Common Errors and Fixes

torch.cuda.OutOfMemoryError: CUDA out of memory

This is the most common issue. The fix depends on which model you’re running:

  • Klein 4B (needs ~8GB): Switch to torch.bfloat16, or try the FP8 variant at black-forest-labs/FLUX.2-klein-4b-fp8
  • Klein 9B (needs ~16GB): Add pipe.enable_model_cpu_offload() before moving to CUDA
  • Dev 32B: Use the quantized diffusers/FLUX.2-dev-bnb-4bit model with CPU offloading

ImportError: cannot import name 'Flux2Pipeline' from 'diffusers'

Your diffusers version is too old. FLUX.2 support landed after the initial 0.32 release. Install from main:

1
2
pip uninstall diffusers -y
pip install git+https://github.com/huggingface/diffusers -U

OSError: You are trying to access a gated repo

The Klein 9B and Dev models are gated on Hugging Face. You need to accept the license on the model page, then authenticate:

1
2
pip install huggingface_hub
huggingface-cli login

ValueError: Could not instantiate the tokenizer

Missing the sentencepiece library. FLUX.2 uses Mistral Small 3.1 as its text encoder, which needs sentencepiece:

1
pip install sentencepiece protobuf

Distilled Klein model ignoring your num_inference_steps and guidance_scale values.

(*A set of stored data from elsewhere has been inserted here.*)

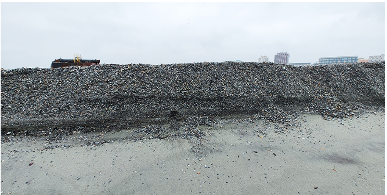
Plaja lărgită de la Venus
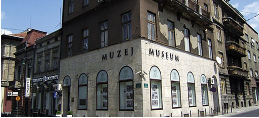
Görsel 1. Franz Ferdinand Suikast Alanı ve Müzesi (Museums of The World, 2024).

Dolayısıyla, bu alanların önemine dair değerlendirmeler, ziyaretçilerin beklentilerine ve turizm deneyimlerinden ne beklediklerine göre değişiklik gösterebilmektedir.
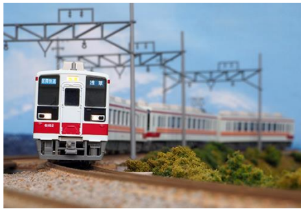
東武鉄道商品化許諾済

東武6050系は6000系の車体更新によって登場した2扉セミクロスシート車両で、1985年から1986年にかけて2両編成22本が更新により登場しました。更新途中に車両が不足することから完全新造編成が1985年に1編成、1986年に1編成、1988年に増備(これらの2編成は野岩鉄道へ譲渡)され、その後は7編成および野岩鉄道向けの1編成が増備、1990年には会津鉄道向けに1編成が製造されています。完全新造編成は台車がSUMINデン型台車になっている点の特徴です。1996年には増解結の効率化を図るため、先頭部の連結器が、自動連結器から電気連結器付き密着連結器へ交換され、前面向かって左側に取り付けられていたジャンパ栓受けが撤去されています。2001年3月のダイヤ改正から日光線の普通列車で運用される事となり、5編成に霜取り用パンタグラフが増設されました。また、2006年の区間快速の登場に合わせて完全新造車2編成に追加で霜取りパンタグラフが増設されています。
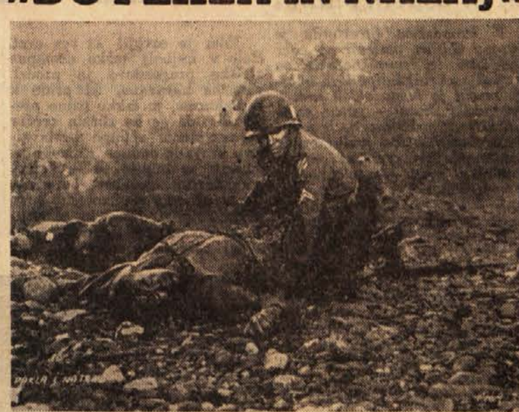
Predstave ob 15, 17, 19 in 21. - V glavni vlogi Audie Murphy. Prodaja vstopnic od 9.30 do 11 in od 14 dalje
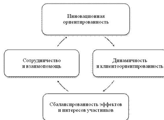
Рис. 2. Подходы к управлению SRP проектами

тативность любой социально-экономической системы в долгосрочном периоде. Таким образом, цепочка методологических подходов для проектов SRP может быть представлена на рис. 2.
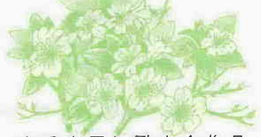
春季市民短歌大会作品
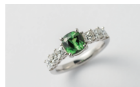
リング 制作：株式会社白金工房
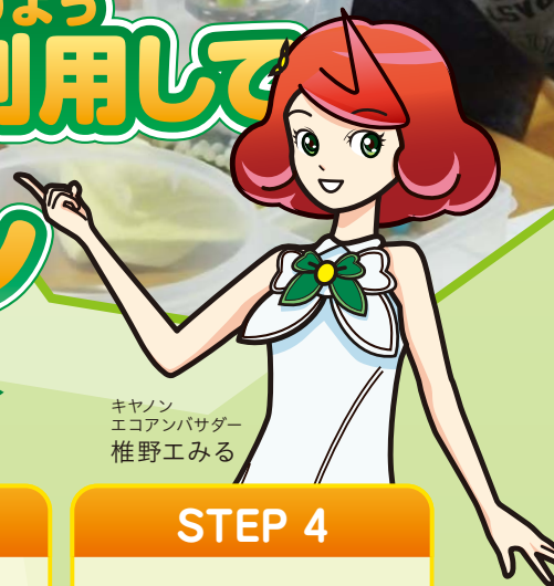
キャンノン エコアンバサダー 椎野みくる
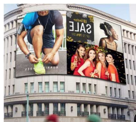
VW Ext. Sobre Pared

This is expected behavior, not a bug. The distilled Klein variants (FLUX.2-klein-4B, FLUX.2-klein-9B) are locked to 4 steps and guidance 1.0. If you need adjustable parameters, switch to the base variants: FLUX.2-klein-base-4B or FLUX.2-klein-base-9B.

What Hardware Do You Actually Need

Here’s a realistic breakdown based on the model you want to run:

  • FLUX.2-klein-4B: RTX 3060 12GB or better. Runs at sub-second speed on an RTX 4090. This is the sweet spot for most people.
  • FLUX.2-klein-9B: RTX 4080 16GB or better. Or use CPU offloading on a 12GB card.
  • FLUX.2-dev (quantized): RTX 4090 24GB with 4-bit quantization and CPU offloading. Expect 30-60 second generation times.
  • FLUX.2-dev (full precision): H100 80GB or equivalent. Fastest at about 10 seconds per image.

If you don’t have the hardware, the BFL API starts at $0.014 per image for Klein and scales by resolution. Third-party providers like fal.ai and Replicate also host FLUX.2 models with pay-per-image pricing.